- Description of the task -
Copy, pictures aside: the lines below from the one that holds "mist, Forest, Grass, Trees, Morning, Sunlight, Green" through the final line of the listing, both ends included, exactly as they are and nothing else.

- Data provided -
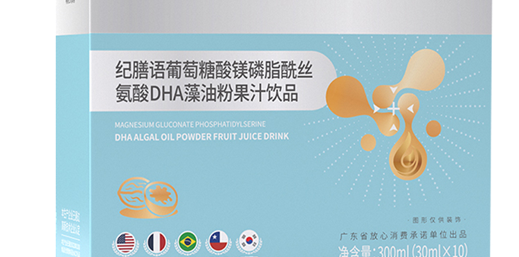 • 主要成分 磷脂酰絲氨酸,核桃肽,DHA藻油粉,煙酰胺等
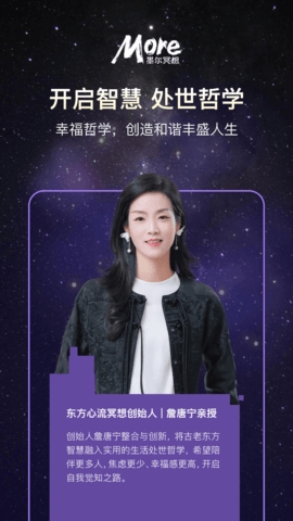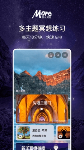 创始人詹唐宁老师,花了6年时间,上山访遍名师,拜师多位冥想功底超过50年的老师。她将当代东西方各大冥想的实用方法进行了整合与创新,4年磨一剑,More冥想聚合了老师多年的实修功底和精品打磨。Less is more,大道至简。每个看似简单的冥想练习,背后却有着深厚而珍贵的传承,支持着你的蜕变提升。和你一起探索more,成长more。
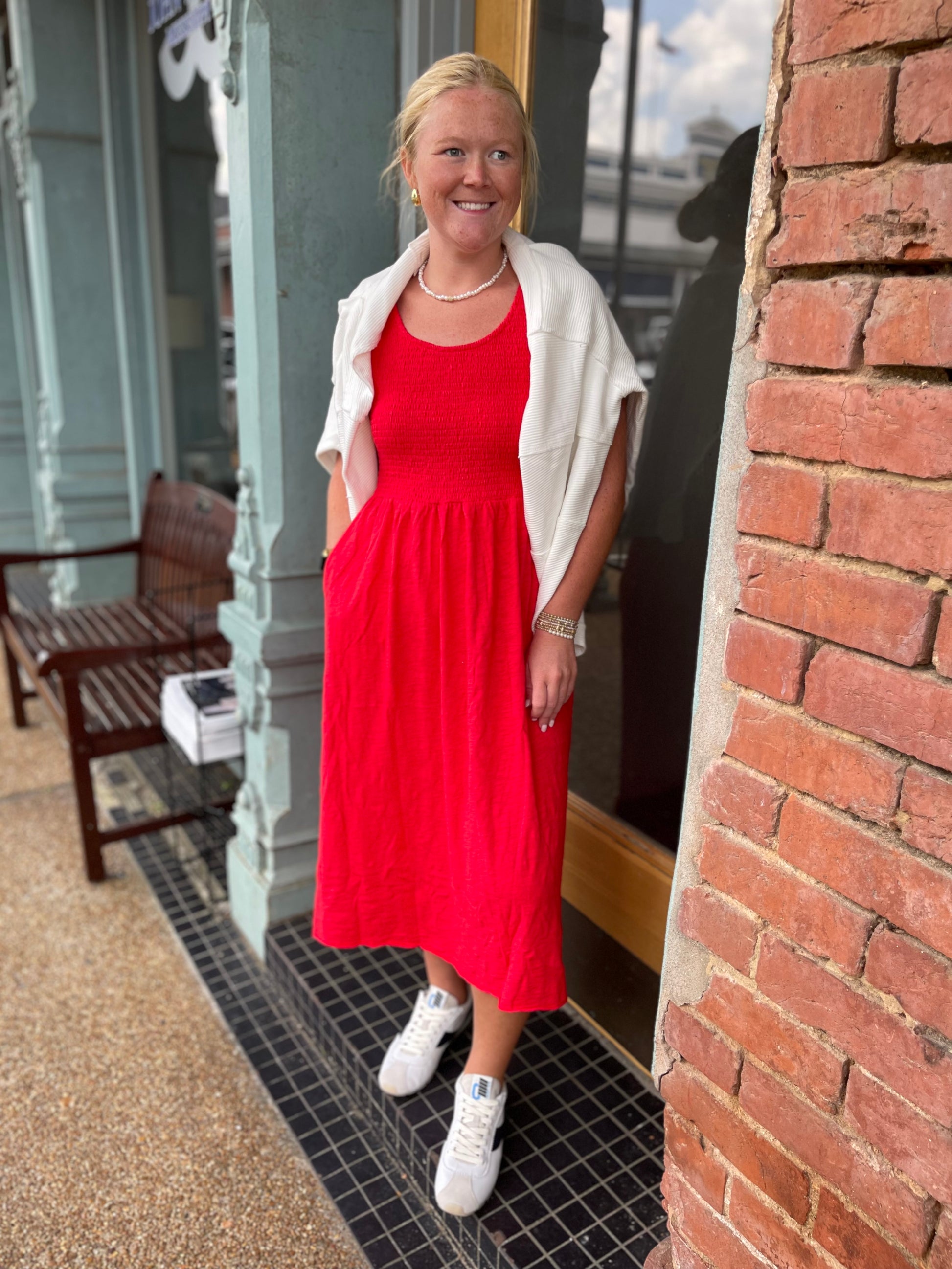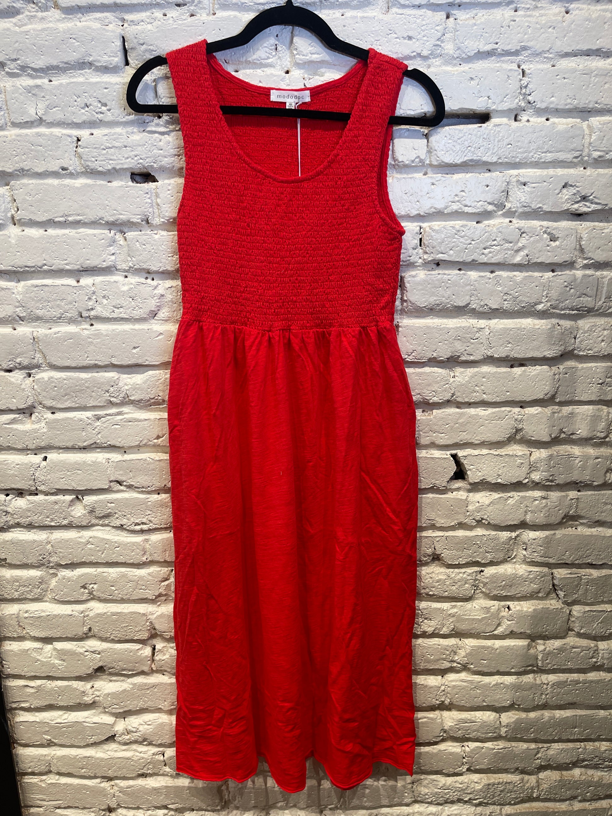 SMOCKED TANK MIDI DRESS RICH APPLE
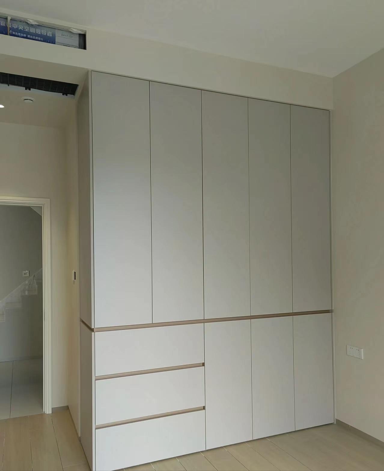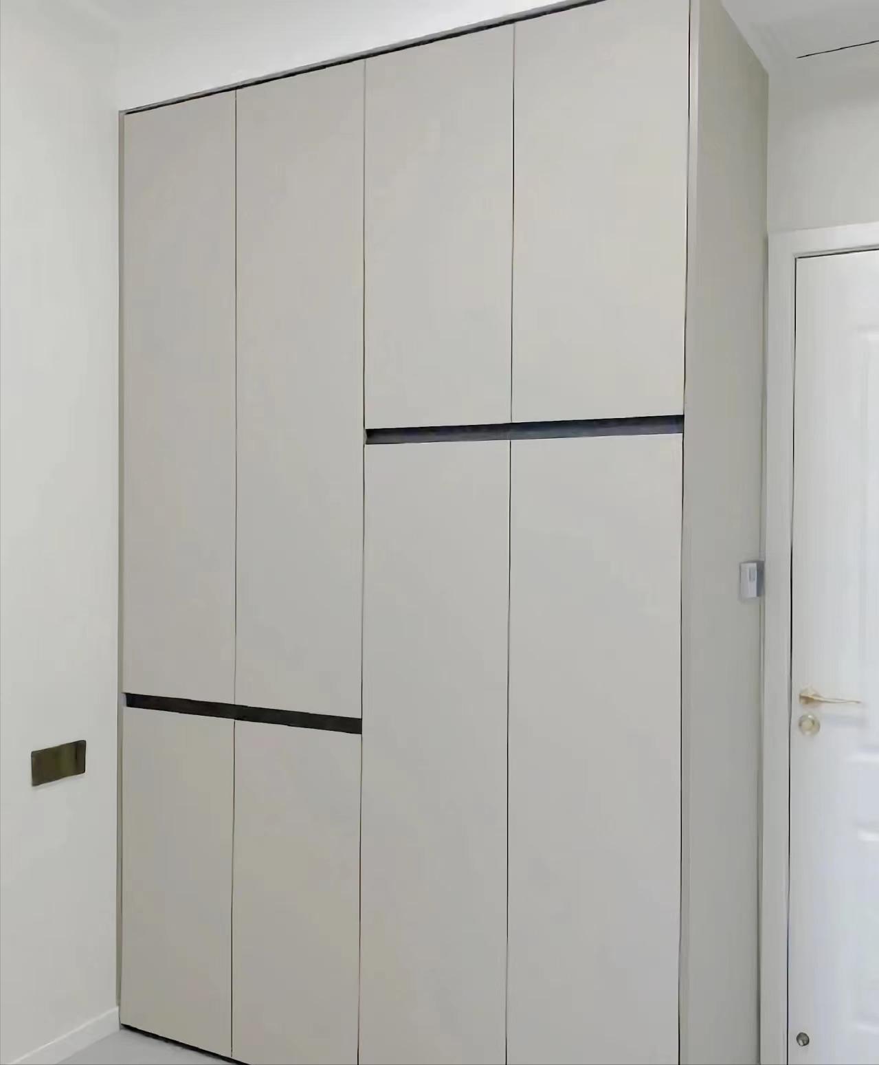 其实与一门到顶柜门对应的分割布局柜门也可以做的很好看,只是分割比例要确定好,变成黄金分割比例。
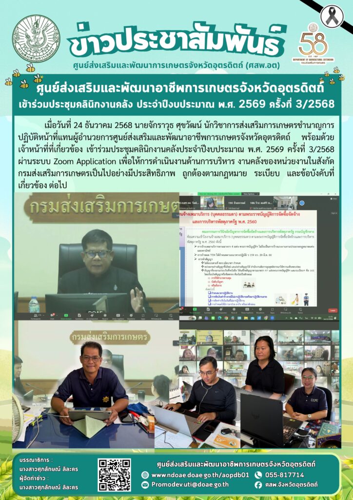 ข่าวประชาสัมพันธ์ศสพ.อุตรดิตถ์ เข้าร่วมประชุมคลินิกงานคลัง ประจำปีงบประมาณ พ.ศ. 2569 ครั้งที่ 3/2568 doaeUtt / 24 ธันวาคม 2025 เมื่อวันที่ 24 ธันวา
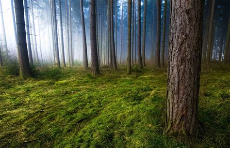 mist, Forest, Grass, Trees, Morning, Sunlight, Green ...
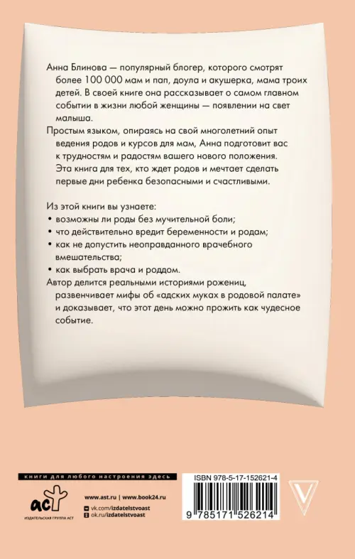 Анна Блинова — популярный блогер, которого смотрят более 100 000 мам и пап, доула и акушерка, мама троих детей. В своей книге она рассказывает о самом главном событии в жизни любой женщины — появлении на свет малыша.
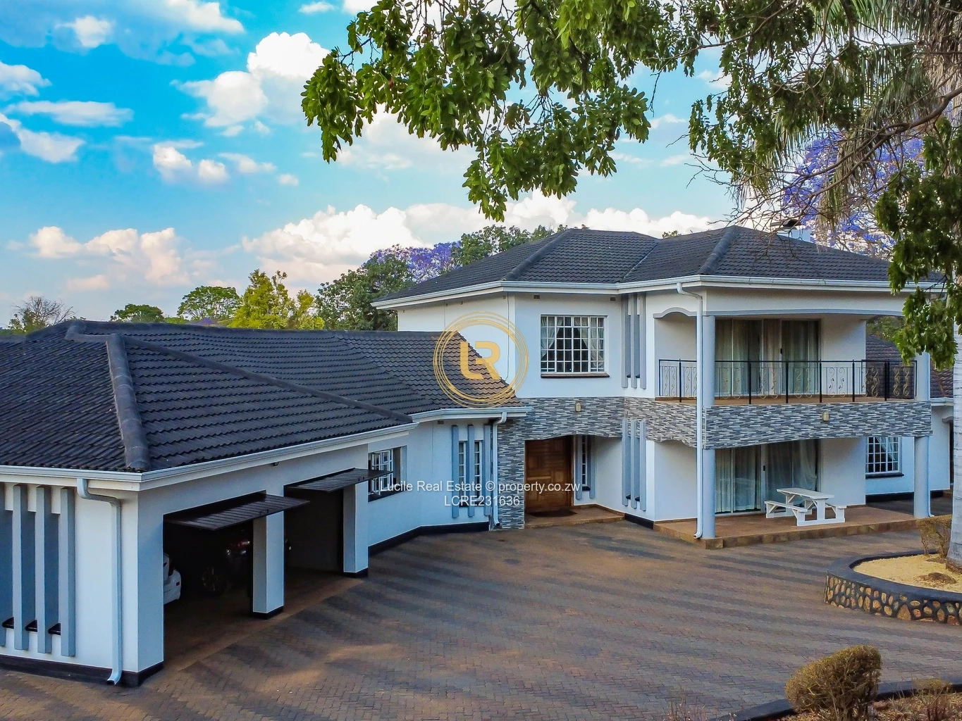 This elegant family home in Borrowdale sits on approximately 4,065 square meters of land and offers both comfort and functionality. The property features a double lock-up garage for two cars, a cottage used for storage, a 40-meter borehole, and two-bedroomed staff quarters with their own toilet and kitchen.
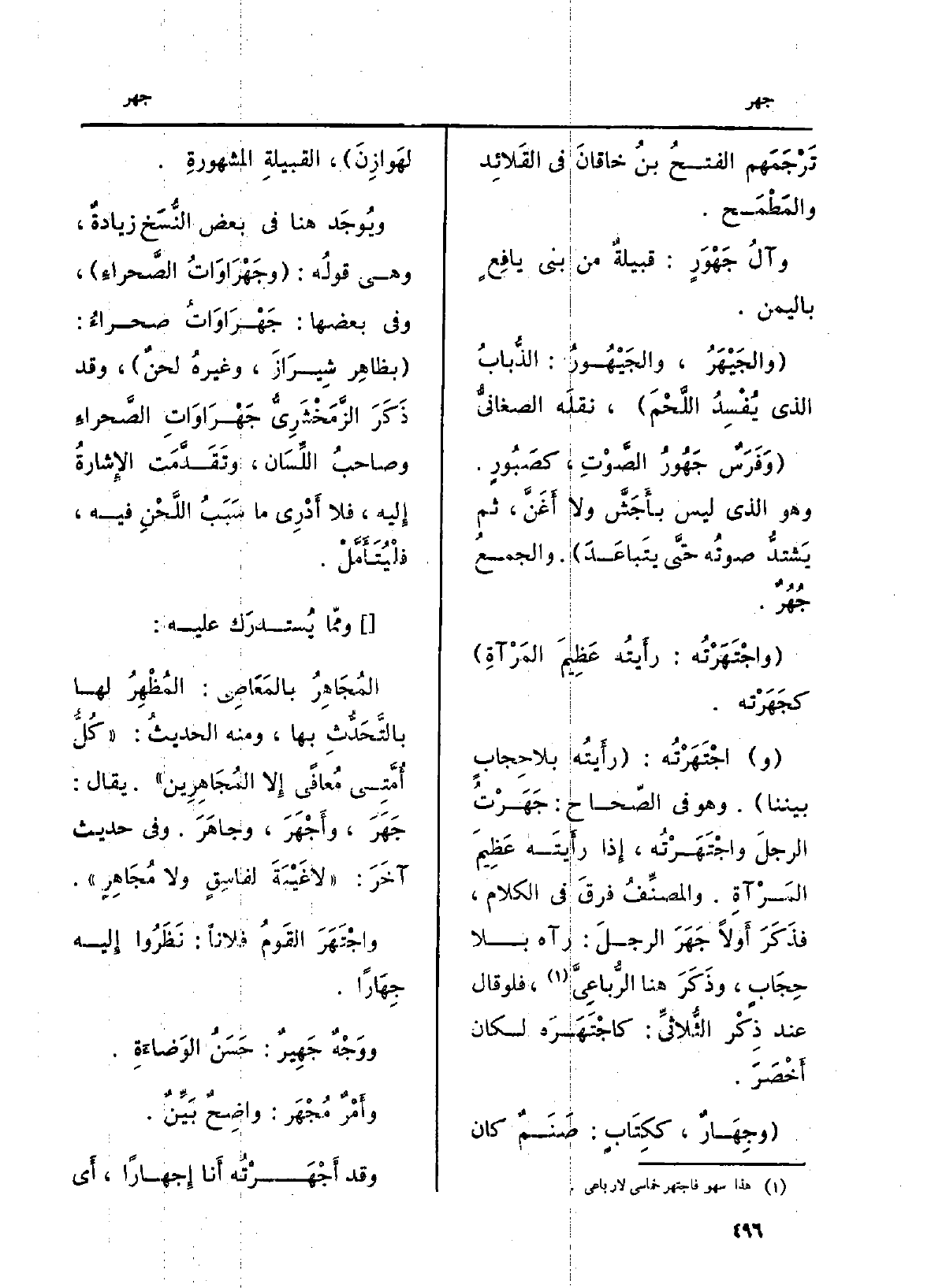 كتاب م كتاب (والجَيْهَرُ، والجَيْهُورُ: الذُّبابُ الَّذِي يُفْسِدُ اللَّحْمَ) ، نقلَه الصغانيُّ.
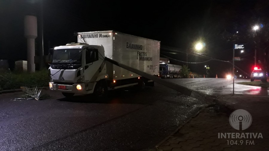 Conforme informações do Baianinho, proprietário do caminhão, ele estaria levando o veículo até o pátio do posto de combustível quando ouviu o barulho na cabine e ao descer pra ver o que teria acontecido, notou que o poste havia caído sobre o veículo, entre a cabine e o baú.
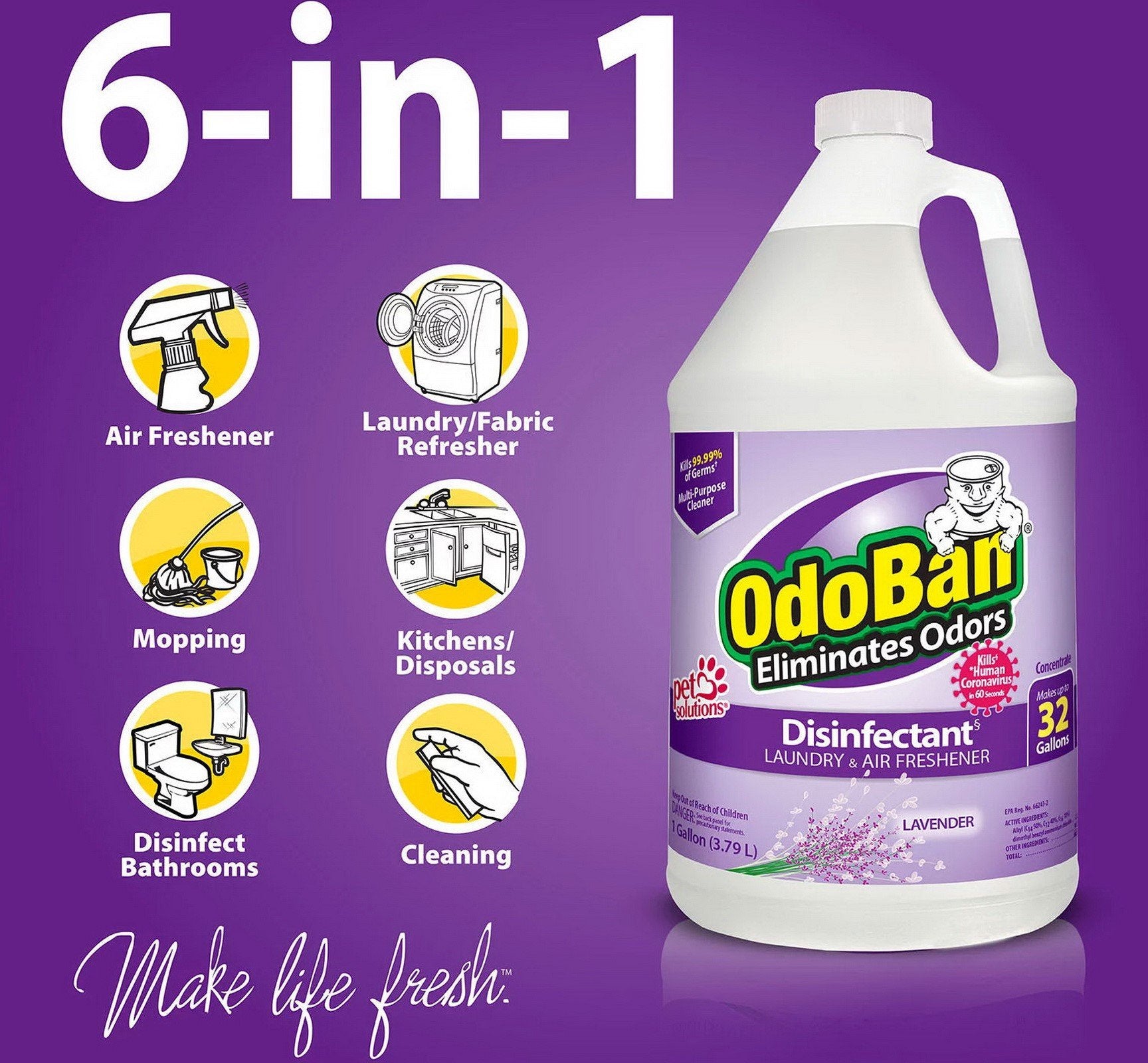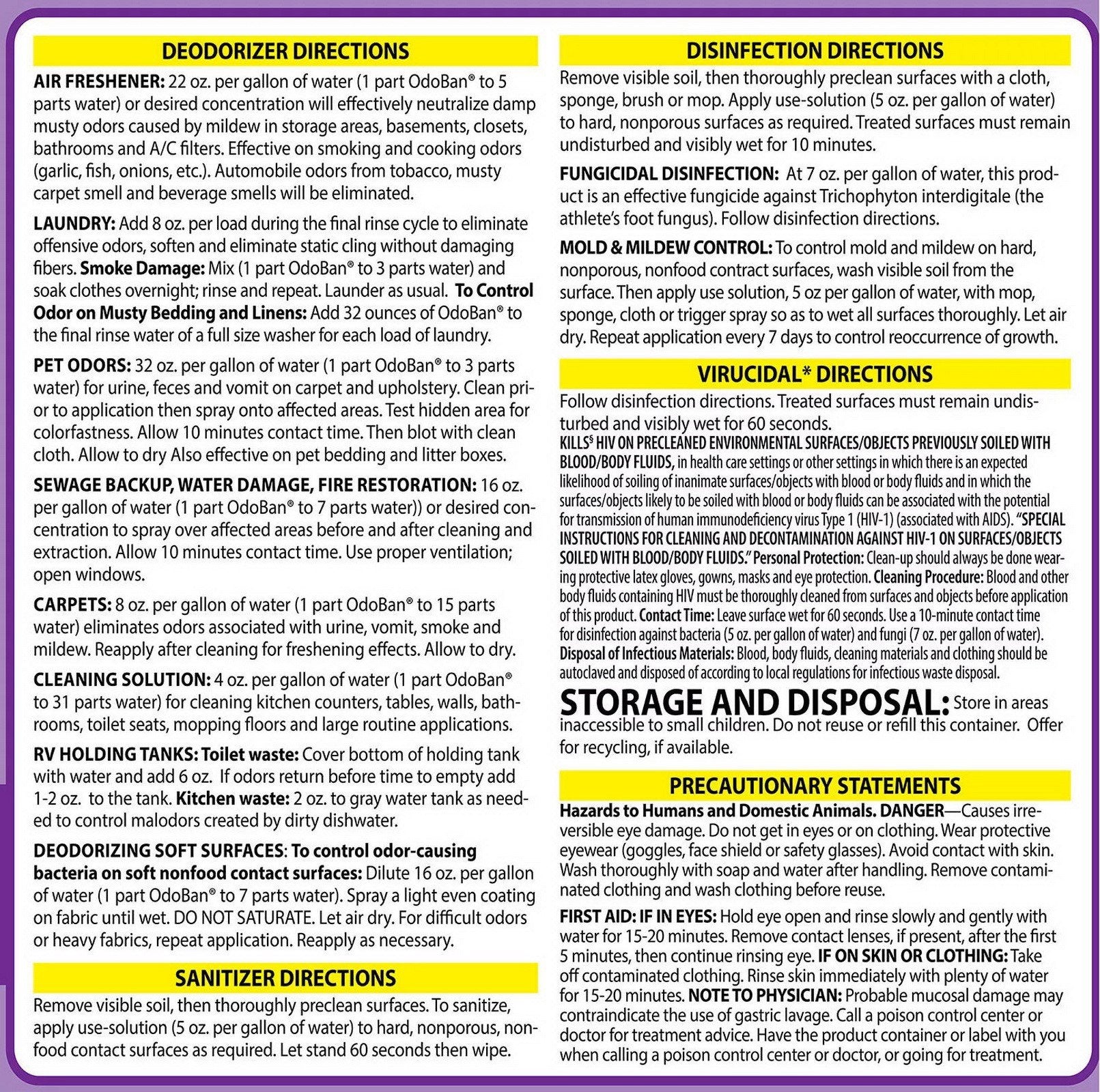 OdoBan is a multipurpose concentrate that makes up to 32 gallons. This industrial liquid odor eliminator leaves no residue and has a variety of uses. OdoBan eliminates foul odors caused by pets, mildew, smoke, vomit, sewage and urine. It's an excellent product for fire and flood restoration, too.
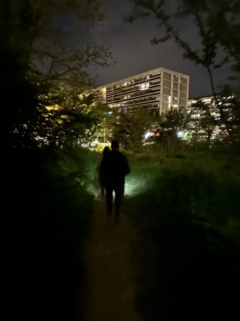 We had to use flashlights to wend our way home.

- Answer section -
 mist, Forest, Grass, Trees, Morning, Sunlight, Green ...
 Анна Блинова — популярный блогер, которого смотрят более 100 000 мам и пап, доула и акушерка, мама троих детей. В своей книге она рассказывает о самом главном событии в жизни любой женщины — появлении на свет малыша.
 This elegant family home in Borrowdale sits on approximately 4,065 square meters of land and offers both comfort and functionality. The property features a double lock-up garage for two cars, a cottage used for storage, a 40-meter borehole, and two-bedroomed staff quarters with their own toilet and kitchen.
 كتاب م كتاب (والجَيْهَرُ، والجَيْهُورُ: الذُّبابُ الَّذِي يُفْسِدُ اللَّحْمَ) ، نقلَه الصغانيُّ.
 Conforme informações do Baianinho, proprietário do caminhão, ele estaria levando o veículo até o pátio do posto de combustível quando ouviu o barulho na cabine e ao descer pra ver o que teria acontecido, notou que o poste havia caído sobre o veículo, entre a cabine e o baú.
 OdoBan is a multipurpose concentrate that makes up to 32 gallons. This industrial liquid odor eliminator leaves no residue and has a variety of uses. OdoBan eliminates foul odors caused by pets, mildew, smoke, vomit, sewage and urine. It's an excellent product for fire and flood restoration, too.
 We had to use flashlights to wend our way home.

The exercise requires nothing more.